Friday, 20 July 2012

My Dad & I

 "You've kept track of my every toss and turn through the sleepless nights,each tear entered in Your ledger,each ache written in your book."(Psalm 56:8, MSG)


Its 2pm and I am unsure of what to do next. The remainder of the day stares at me mockingly, waiting for an answer to fill the void of my existence till I can close my eyes in the late evening hours. What to do?

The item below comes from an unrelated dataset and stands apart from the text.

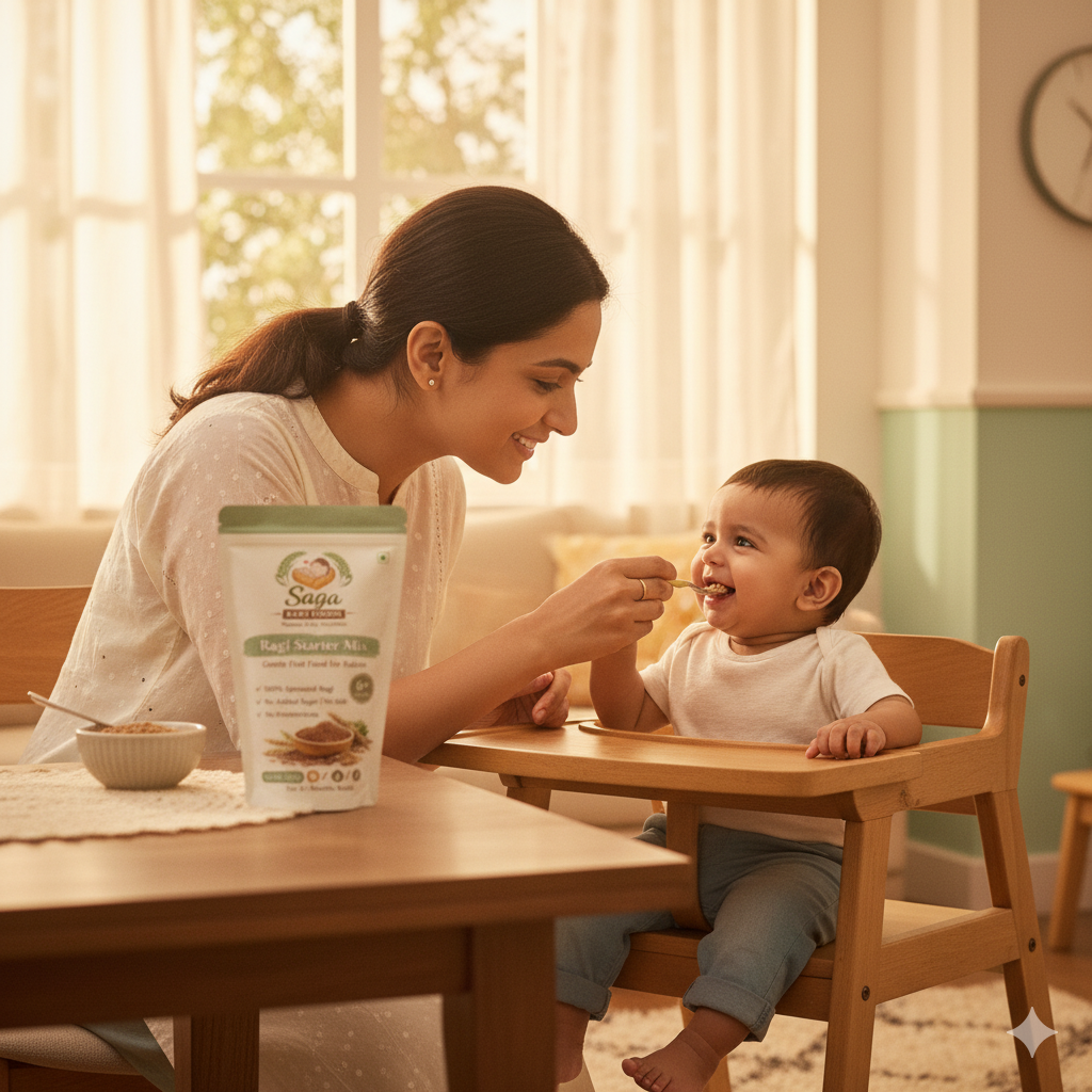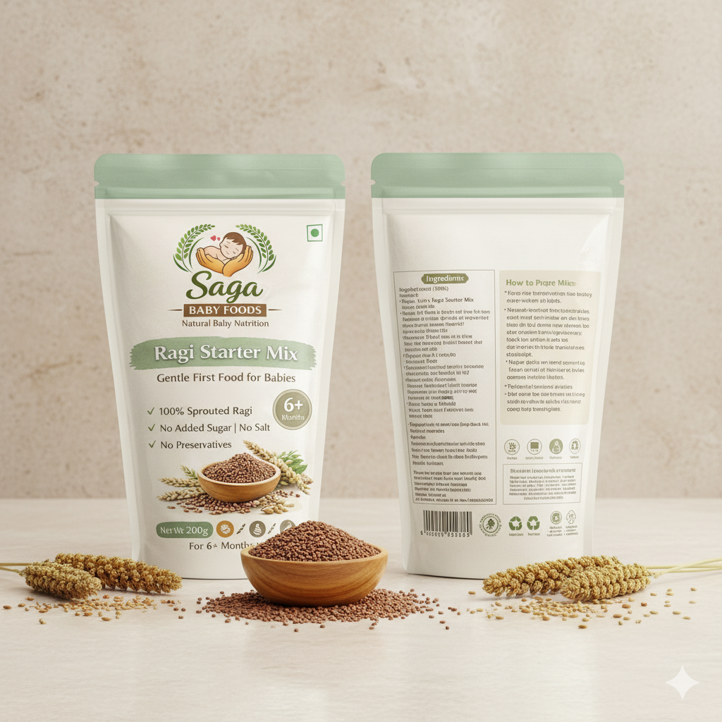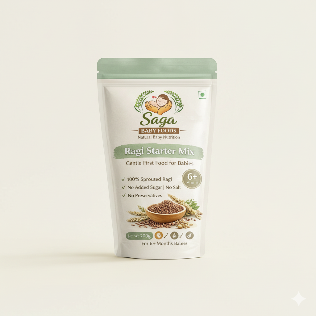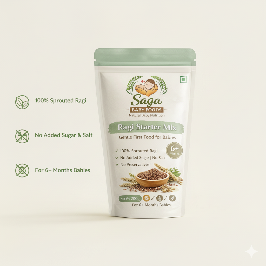 SAGA Baby Health Mix is made with carefully selected grains, pulses, and nuts to support healthy growth and digestion in babies. No added sugar, salt, or preservatives.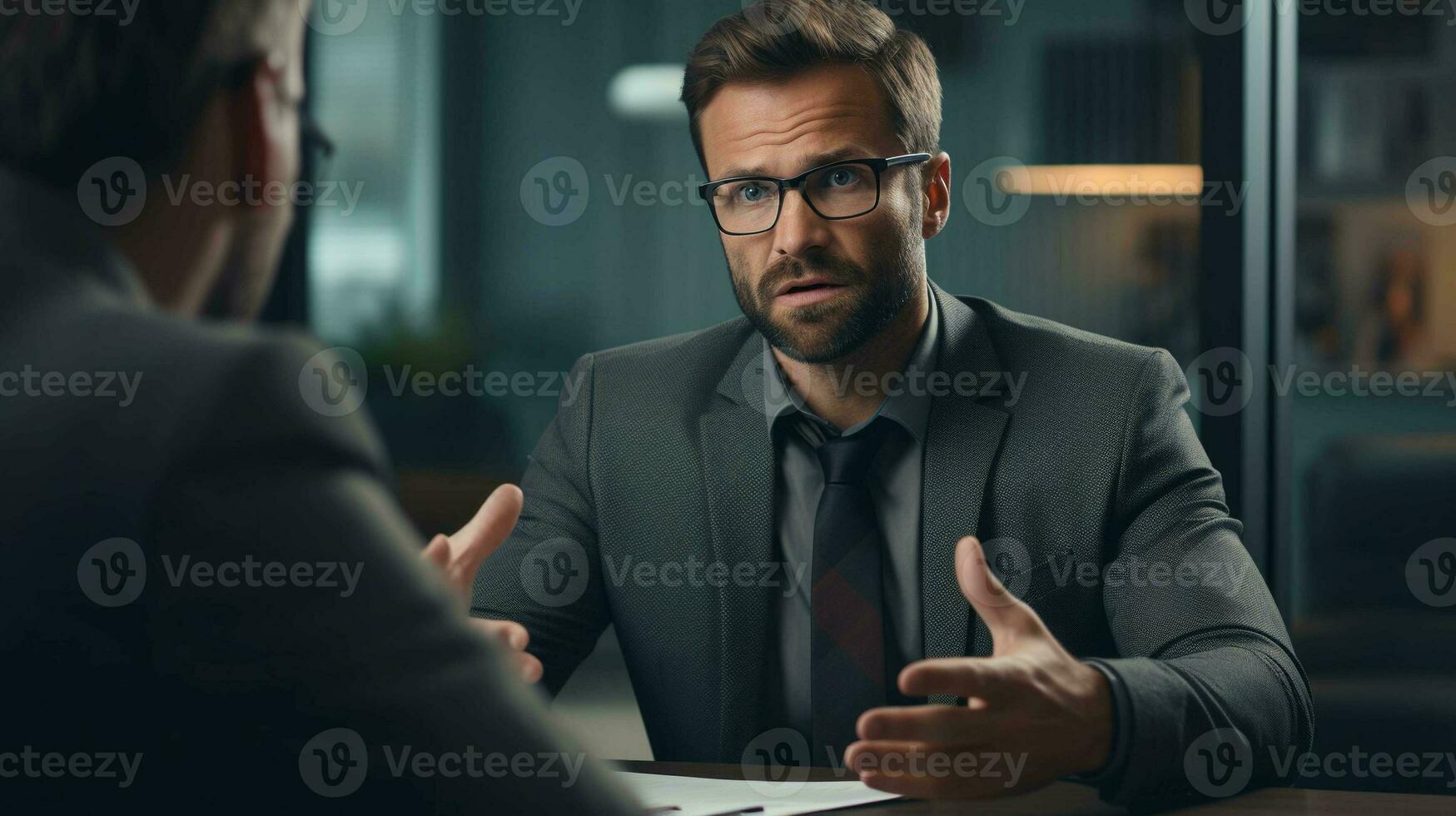 Professional Interview, Office Scene as an Interviewer Asks a New Candidate Perfect for HR Concepts Pro Photo

I have been at the crisis unit this morning, feeling rather miserable I sulked off alone to read and then was given a reflexology treatment at the crisis house as they had free appointments on offer. Usually this would put me in a good  mood but today I just feel a sea of emptiness and my boat is lost somewhere whipping it up in the stormy waves. What I would give for Jesus to walk over to my boat and stop the storm........

I think the really frustrating part is that I have so many goals I want to achieve in life but honestly for all the lists I write, I never really seem to be making any actual progress. I flutter aimlessly from one hour to the next, not exactly making the most of the beauty of life that I have been given. I am well read and insightful enough to appreciate and honour the value of time, of life passing through my fingers but I am powerless to clutch on and make something of it. I am just a ball of frustration, waiting expectantly for an answer to come and save me from this never-ending maze of misery. The day stretches out before me, waiting to be filled with something exciting, productive or at the very least non sabotaging. My cravings for a spliff are stronger than ever, a desperate reach for some much needed peace which normal reality simply cannot offer. I imagine that I will spend the rest of the day stoned, trying to absorb slowly the gravity of the situation I yet again find myself in.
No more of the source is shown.